Researchers used four hierarchical linear regression models with three steps to examine the link between specific COVID-19 stressors and four key mental health outcomes.

Surveys revealed the highest stressors related to COVID-19 were worries about being infected (66.5%), of a loved one being infected (72.1%) or infecting others (47.7%). These stressors were linked to increases in PTSD and health anxiety symptoms among participants. Similarly, social-related difficulties due to COVID-19 led to predicted depression and disability symptoms. However, researchers did not find a significant link between trusting information from authorities and COVID-19 stressors.

Study limitations included limited diversity and data due to the low rates of COVID-19 infection in Australia at the time of data collection.
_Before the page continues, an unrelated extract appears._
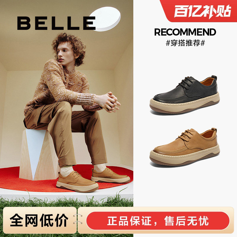 Belle Men's Nut Pie Genuine Leather Thick Sole Heightening Workwear Board Shoes Spring New Casual Leather Shoes A1611CM4

“The findings suggest that the stress, threat and uncertainty of COVID-19, as well as the public health measures that act to curb the spread of virus including lockdown, social distancing, increased government control and mask wearing, may be reminiscent of past traumatic experiences for refugees,” Liddell said. “For example, an increased police or military presence to monitor the compliance of communities to COVID-19 restrictions may remind refugees of living in a warzone or being persecuted. This means that many refugees may be caught between their traumatic pasts and the uncertainty presented by COVID-19, which includes genuine threats to health and lives.”

According to Liddell, these findings have implications for clinical health services. 

“Health and mental health practitioners need to be aware of these often more hidden effects of the pandemic,” Liddell said. “It’s critical that people with a refugee background are able to access mental health services during the pandemic, including during hard lockdowns which include restricted movements.”